Budget boost leaves housing gaps

Originally published on March 11 as a blog for Inside Housing.

This is a Budget that does not live up to its own hype and has some glaring omissions but still brings some good news for housing.

There are three big positives: a £12.2bn Affordable Homes Programme (AHP) over the five years from 2021/22; an additional £1bn for a Building Safety Fund to remove dangerous cladding; and £650m to help rough sleepers into permanent accommodation.

Add the reversal of an interest rate hike for borrowing for new council homes, extra funding for housing infrastructure, £1.2bn in consequentials that other UK nations can invest in new homes and an extension of Shared Accommodation Rate exemptions to young rough sleepers and other vulnerable groups, and this looks like one of the best Budgets for housing in the last 10 years.

However, that’s not setting the bar especially high, and you don’t have to look very far below the surface before the questions start to mount up.

The AHP, for example, looks like a £3bn, or 33 per cent increase, on a 2016/21 programme worth £7.8bn.

However, where pre-Budget rhetoric had boasted of the biggest increase in investment ‘in generations’, chancellor Rishi Sunak was more modest in his speech as he hailed ‘the largest cash investment in affordable housing in a decade’.

And for good reason.
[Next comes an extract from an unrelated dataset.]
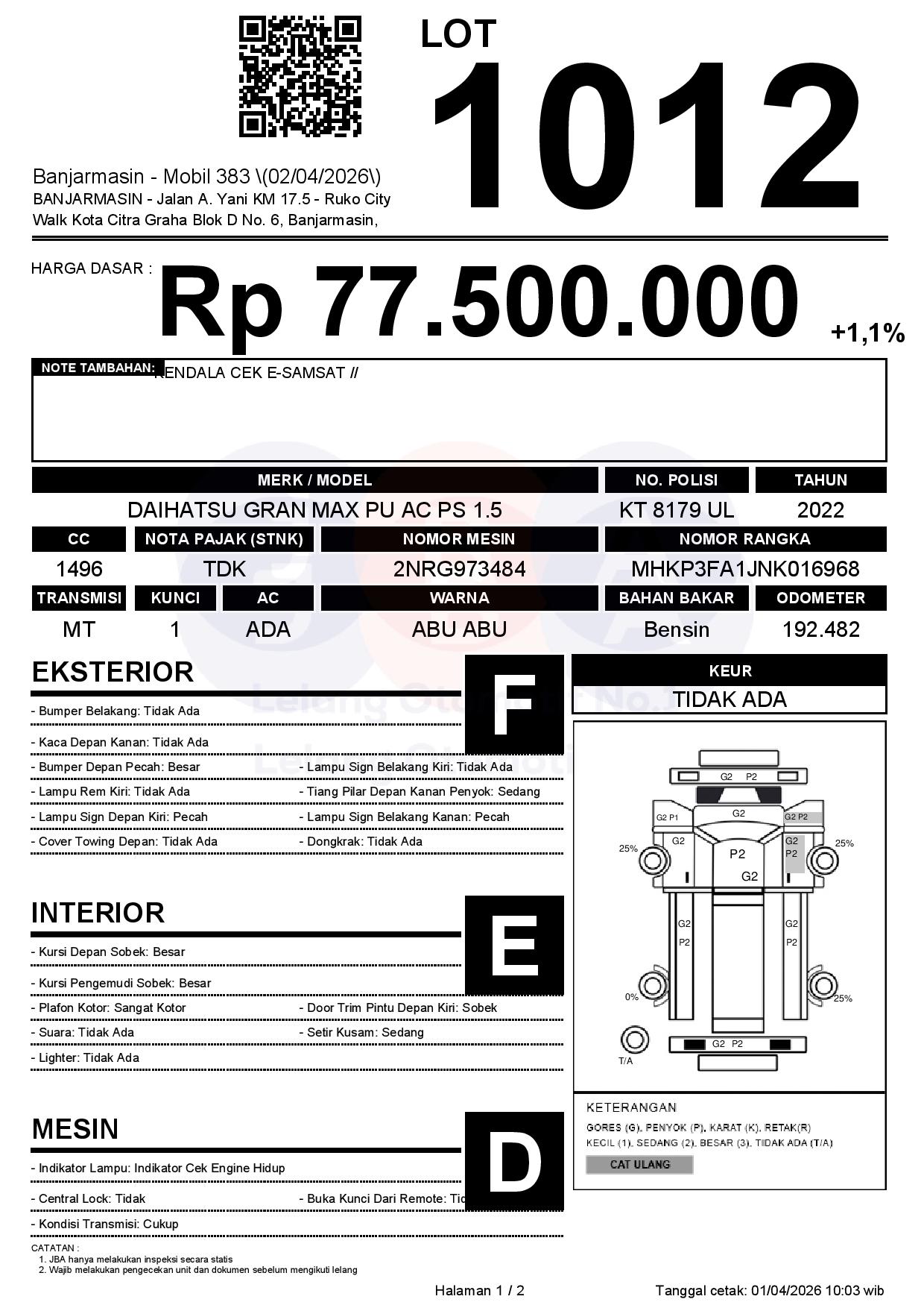 Tanggal Lelang: 02/04/2026 | 14:00 WITA

That form of words concedes that housing investment will still be lower than the Conservative-led government inherited from Labour in 2010.

What was then called the National Affordable Housing Programme was worth £8.9bn but over the three years from 2008/11, which works out at £2.97bn a year.

That compares with £12.2bn over five years, or £2.44bn a year. Even before allowing for inflation, that is £500m a year less per year than a decade ago.

Then there’s the whole question of the meaning of ‘affordable’.

A pre-Budget letter signed by 28 backbench Conservative MPs argued for ‘building up our nation’s offer of social homes’ and argued that ‘if our policies simply continue to provide only unaffordable housing, then the people will never forgive us’.

We will have to wait for the spending review in the Autumn for the detail of the new programme but the Budget Red Book hints at priorities when it says the programme ‘will help more people into homeownership and help those most at risk of homelessness’.

On housing in general, a big announcement on planning is due tomorrow, with the Red Book promising ‘comprehensive reforms to bring the planning system into the 21st century’ and ‘firm consequences’ for local planning authorities that fail to meet their local housing need.

The £1bn Building Safety Fund is explained in more detail on the Ministry for Housing Communities and Local Government website.

It extends government help to dangerous cladding that is non-ACM and mentions high-pressure laminate and wood in particular – and it applies to social and private sector buildings.

In the private sector, ‘grants will be for the benefit of leasehold owners’ with building owners expected to honour commitments they have already made and to recoup the government for any successful warranty claims.

However, the fund will only apply to buildings of 18m or over, leaving owners and leaseholders of mid-rise blocks in limbo.

Confirmation that the fund is for 2020/21 appears to allay fears that it might come out of the future Affordable Homes Programme.

But it will not be remotely enough in itself to fix a cladding and fire safety crisis with costs that housing associations alone say could ‘easily exceed’ £10 bn and that has left at least 600,000 leaseholders with unsaleable flats.

On rough sleeping, the chancellor said he was ‘confirming nearly £650m of funding’ but that appears to consist of £237m already announced by the prime minister plus a further £144m for associated support services and £262m for substance misuse treatment services.

And the Budget had nothing to say on the one of the main causes of homelessness and rough sleeping – local housing allowance rates that do not cover private rents – and what the funding gap in the system that is meant to reduce it.

The cut in the interest rates for Housing Revenue Account borrowing from the Public Works Loan Board is a welcome move that should mean more council homes – but it only reverses a hike introduced to widespread consternation last year.

The Budget seemed to have nothing to say about the decarbonisation of existing housing, despite its emphasis on climate action ahead of COP26.

While the chancellor took the opportunity provided by Brexit to eliminate VAT on tampons and electronic books, he did not choose to do the same for energy efficiency and decarbonisation works.

More answers on all of the above will come in the Spending Review and another Budget due in the Autumn.

Until then, the questions will keep mounting up but the first Budget of the 2020s is still a big improvement on the 2010s.